Internship: Data engineering: Synthetic data rendering for automated tests - Ieper, Belgium

Internship: Data engineering:  Synthetic data rendering for automated tests

Your future job

Data engineering: synthetic data rendering for automated tests

There's a constant increase (in volumes and ingestion rates) on incoming dataflows from various sources towards our data analytics and reporting platforms. To keep those flows manageable, more data tests are required, preferably in an automated fashion.

Those tests need to be performed on a consistent controlled data set; one that can be easily expanded / changed on added functionality, ...

More and more technology vendors are coming up with tools and platforms to support this.
Next to the generation of synthetic data, these setups need to be embedded within the data testing landscape in order to be used in an operational environment.

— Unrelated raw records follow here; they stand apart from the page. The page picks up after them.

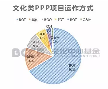運(yùn)作方式根據(jù)財(cái)政部政府與社會(huì)資本合作中心公布的資料(截至9月30日),在共計(jì)301項(xiàng)文化類PPP項(xiàng)目中,BOT項(xiàng)目運(yùn)作方式是主流,BOO、TOT等方式也在實(shí)踐。具體而言,采用BOT方式的有200個(gè),占比67%;采用BOO方式的有28個(gè),占比9%;采用TOT方式的有19個(gè),占比6%;采用ROT方式的有10個(gè),占比3%;采用O&M方式的有3個(gè),占比1%;采用其他方式的有41個(gè),占比14%。
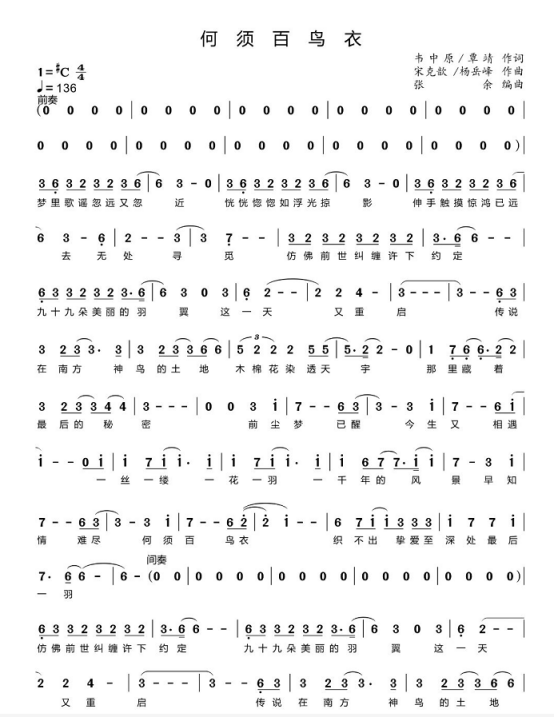 《何须百鸟衣》改编自壮族地区广泛流传的民间传说“百鸟衣”。词曲深入挖掘广西本土民间文化,将“百鸟衣”传说进行新民歌改编,用二度创作的方式将故事做了延续、展开新的内容。通过歌曲的形式,展示了一段可歌可泣、悲壮凄美的爱情故事。
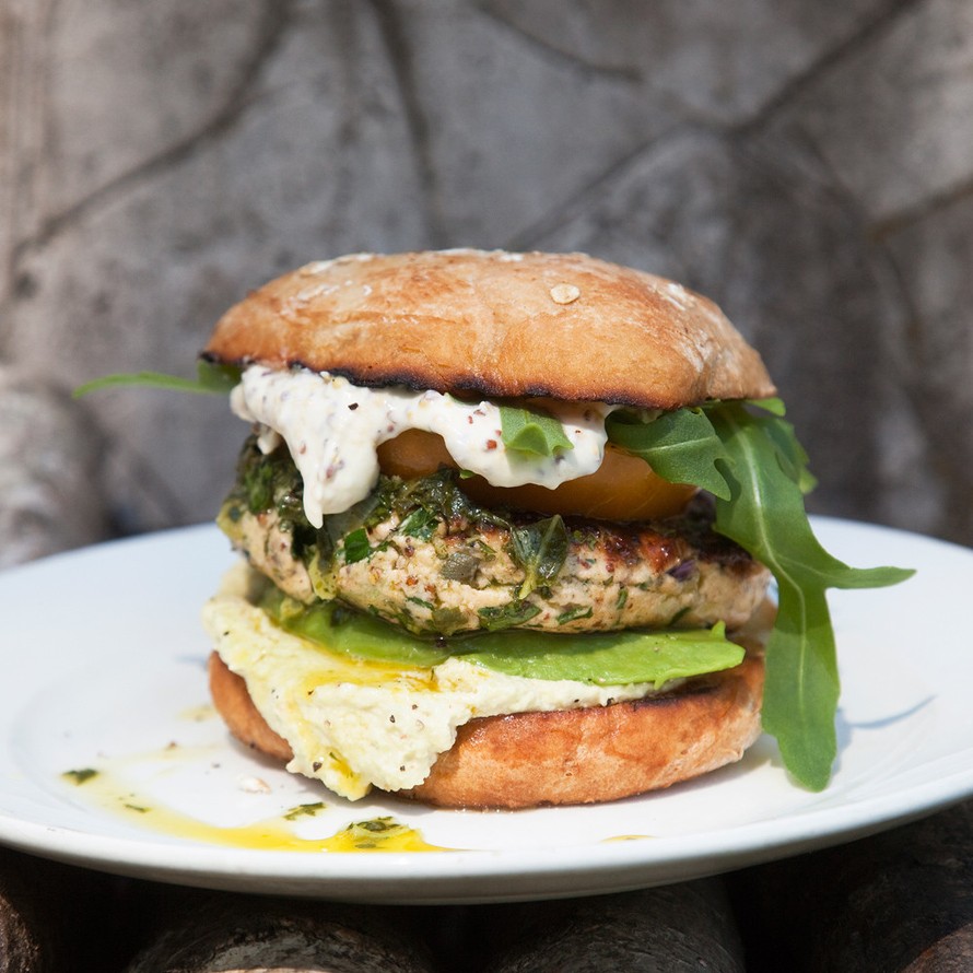 Parmesaanimajoneesilla viimeistelty lohiburgeri syntyy puolessa tunnissa.

The goal of the project is to identify a framework for generating synthetic data on several data sets, to 'productize' them and use that framework in combination with automated tests on data.
 
The project includes the following steps:

- Tool selection and design
- Generation of synthetic data on different data sets
- Productization of the solution (setting up test pipelines, versioning, pipelines for deploying different versions,...)

(From 4 weeks up to 6 months)

Your profile

  • Student in Bachelor or Master in IT 
  • IT software analysis, design and development practices 

  • Minimal: Python & SQL development

  • Preferably: Git/Gitlab, Docker, Kubernetes 

  • Data engineering technologies

 

Main technologies used:

  • Data generation solutions
  • Great expectations
  • Databricks, Spark
  • Python, SQL
  • Continuous delivery (GIT, gitlab CI, Docker, Kubernetes,..)
  • PostgreSQL database knowledge

Competencies the student could develop

  • Working with state-of-the-art enterprise applications frameworks used to develop and deploy applications to be used worldwide
  • Analysis and development methodologies like Domain Driven Design and continuous integration/ deployment
  • Data engineering tasks like ETL, Python, data profiling, cloud development
  • Test Engineering

 

We offer

  • a challenging job in a dynamic high-tech international environment
  • the opportunity to take ownership of your professional passion in order to contribute to the success of the company
  • an enjoyable, team-oriented and professional atmosphere in a flat-structured organization
  • versatile development opportunities